== Excerpted records ==

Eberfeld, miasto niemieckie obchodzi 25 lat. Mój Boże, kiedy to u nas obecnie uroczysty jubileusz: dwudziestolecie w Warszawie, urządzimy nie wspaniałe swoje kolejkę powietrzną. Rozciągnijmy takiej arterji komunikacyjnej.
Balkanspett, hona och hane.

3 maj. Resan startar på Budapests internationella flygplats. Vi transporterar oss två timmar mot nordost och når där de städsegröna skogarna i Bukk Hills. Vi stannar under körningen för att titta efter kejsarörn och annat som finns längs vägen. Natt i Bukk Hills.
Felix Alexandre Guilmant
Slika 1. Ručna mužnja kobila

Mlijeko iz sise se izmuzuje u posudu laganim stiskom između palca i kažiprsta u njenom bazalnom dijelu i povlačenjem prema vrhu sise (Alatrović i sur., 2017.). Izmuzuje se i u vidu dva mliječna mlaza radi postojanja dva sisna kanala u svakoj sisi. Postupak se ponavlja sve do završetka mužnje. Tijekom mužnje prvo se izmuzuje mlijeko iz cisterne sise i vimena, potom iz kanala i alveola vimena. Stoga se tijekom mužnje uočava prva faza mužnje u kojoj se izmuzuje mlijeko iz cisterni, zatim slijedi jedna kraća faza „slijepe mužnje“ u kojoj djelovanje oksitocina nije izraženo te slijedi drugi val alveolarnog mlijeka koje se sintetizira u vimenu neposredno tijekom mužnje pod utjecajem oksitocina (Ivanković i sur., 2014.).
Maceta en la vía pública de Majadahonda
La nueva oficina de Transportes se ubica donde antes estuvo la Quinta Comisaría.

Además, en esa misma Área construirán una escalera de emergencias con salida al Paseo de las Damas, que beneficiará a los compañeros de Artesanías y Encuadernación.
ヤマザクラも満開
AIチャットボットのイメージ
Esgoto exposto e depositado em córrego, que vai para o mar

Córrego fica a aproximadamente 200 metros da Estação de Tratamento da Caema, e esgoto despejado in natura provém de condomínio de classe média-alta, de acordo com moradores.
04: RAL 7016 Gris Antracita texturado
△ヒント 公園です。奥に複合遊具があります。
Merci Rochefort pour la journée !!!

== About this exercise ==
From the first line of the listing above through the line that contains "Slika 1. Ručna mužnja kobila", retype every line exactly, and write nothing else.

== Reply ==
Eberfeld, miasto niemieckie obchodzi 25 lat. Mój Boże, kiedy to u nas obecnie uroczysty jubileusz: dwudziestolecie w Warszawie, urządzimy nie wspaniałe swoje kolejkę powietrzną. Rozciągnijmy takiej arterji komunikacyjnej.
Balkanspett, hona och hane.

3 maj. Resan startar på Budapests internationella flygplats. Vi transporterar oss två timmar mot nordost och når där de städsegröna skogarna i Bukk Hills. Vi stannar under körningen för att titta efter kejsarörn och annat som finns längs vägen. Natt i Bukk Hills.
Felix Alexandre Guilmant
Slika 1. Ručna mužnja kobila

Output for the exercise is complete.